- Try it -
Copy nothing but the text: reproduce each line of the listing exactly and leave the pictures out.

- Source data -
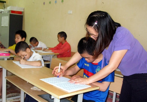 | Một tiết học tại Trung tâm Giáo dục trẻ khuyết tật (ảnh: Báo Bắc Kạn) |
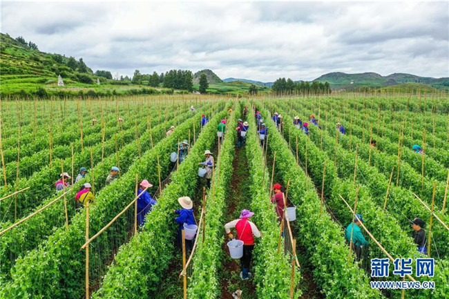 7月14日,村民在貴州省畢節(jié)市威寧縣草海鎮(zhèn)中海村的蔬菜基地里勞作。新華社發(fā)(羅大富 攝)
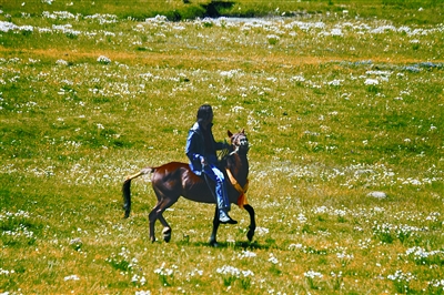例外的是小扎西们,三个小男子汉8点多就来到了我们住的帐篷,当然还有他们的马。他们和汉族的卓玛们约好了,早上要再骑他们的马,还相约骑着马儿去对面的大山上走一圈。这下我们的小卓玛们玩了个高兴,每人一匹马向草原的深处跑去。
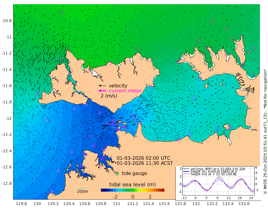 136cm/s -101T +4cm/s rms + 6cm/s 51T. Darwin_C1 52m 124cm/s -91T +4cm/s rms + 7cm/s -161T. Darwin_CW1 22m 71cm/s -106T +4cm/s rms + 8cm/s 61T. Darwin_CW2 34m 82cm/s -138T +3cm/s rms + 9cm/s 98T. Darwin_CW3 22m 118cm/s -90T +5cm/s rms + 7cm/s 88T. Darwin_C3 56m 73cm/s -115T +2cm/s rms + 9cm/s -126T. Darwin_CTbW 22m 15cm/s -114T +1cm/s rms + 1cm/s -47T. DARBGF 30m 8cm/s -99T +4cm/s rms + 3cm/s 80T. NRSDAR 19m -8cm Goodrich Bank -187cm Point Jenny -184cm Native Point -196cm Fish Reef -208cm Tapa Bay -96cm Point Fawcett (Offshore) -231cm Burge Point -182cm Munkunuwa -162cm Beagle A -214cm Parsons Bank -217cm Fenton Patches -216cm Hancox Shoal Area -225cm Nightcliff -243cm Darwin -223cm Charles Point Patches -193cm Glyde Point -173cm Chambers Bay -168cm Point Stuart -172cm Cape Hotham -157cm Christine Reef -177cm West Alligator Head -173cm East Field Island -145cm Two Hills Bay -154cm Camp Point -199cm Medina Inlet South -72cm South Barlow Point -47cm St. Asaph Bay -12cm Cape Van Dieman -16cm Snake Bay -21cm Cache Point -36cm Point Jahleel (Off) -89cm Cape Don -46cm Port Essington -41cm Smith Point - West -40cm NW Peacock Island -24cm North Of Jones Shoal -11cm Peacock Island -67cm Point David -45cm D'urville Point -68cm Copeland Island -64cm One Tree Point

- Exercise solution -
 | Một tiết học tại Trung tâm Giáo dục trẻ khuyết tật (ảnh: Báo Bắc Kạn) |
 7月14日,村民在貴州省畢節(jié)市威寧縣草海鎮(zhèn)中海村的蔬菜基地里勞作。新華社發(fā)(羅大富 攝)
例外的是小扎西们,三个小男子汉8点多就来到了我们住的帐篷,当然还有他们的马。他们和汉族的卓玛们约好了,早上要再骑他们的马,还相约骑着马儿去对面的大山上走一圈。这下我们的小卓玛们玩了个高兴,每人一匹马向草原的深处跑去。
 136cm/s -101T +4cm/s rms + 6cm/s 51T. Darwin_C1 52m 124cm/s -91T +4cm/s rms + 7cm/s -161T. Darwin_CW1 22m 71cm/s -106T +4cm/s rms + 8cm/s 61T. Darwin_CW2 34m 82cm/s -138T +3cm/s rms + 9cm/s 98T. Darwin_CW3 22m 118cm/s -90T +5cm/s rms + 7cm/s 88T. Darwin_C3 56m 73cm/s -115T +2cm/s rms + 9cm/s -126T. Darwin_CTbW 22m 15cm/s -114T +1cm/s rms + 1cm/s -47T. DARBGF 30m 8cm/s -99T +4cm/s rms + 3cm/s 80T. NRSDAR 19m -8cm Goodrich Bank -187cm Point Jenny -184cm Native Point -196cm Fish Reef -208cm Tapa Bay -96cm Point Fawcett (Offshore) -231cm Burge Point -182cm Munkunuwa -162cm Beagle A -214cm Parsons Bank -217cm Fenton Patches -216cm Hancox Shoal Area -225cm Nightcliff -243cm Darwin -223cm Charles Point Patches -193cm Glyde Point -173cm Chambers Bay -168cm Point Stuart -172cm Cape Hotham -157cm Christine Reef -177cm West Alligator Head -173cm East Field Island -145cm Two Hills Bay -154cm Camp Point -199cm Medina Inlet South -72cm South Barlow Point -47cm St. Asaph Bay -12cm Cape Van Dieman -16cm Snake Bay -21cm Cache Point -36cm Point Jahleel (Off) -89cm Cape Don -46cm Port Essington -41cm Smith Point - West -40cm NW Peacock Island -24cm North Of Jones Shoal -11cm Peacock Island -67cm Point David -45cm D'urville Point -68cm Copeland Island -64cm One Tree Point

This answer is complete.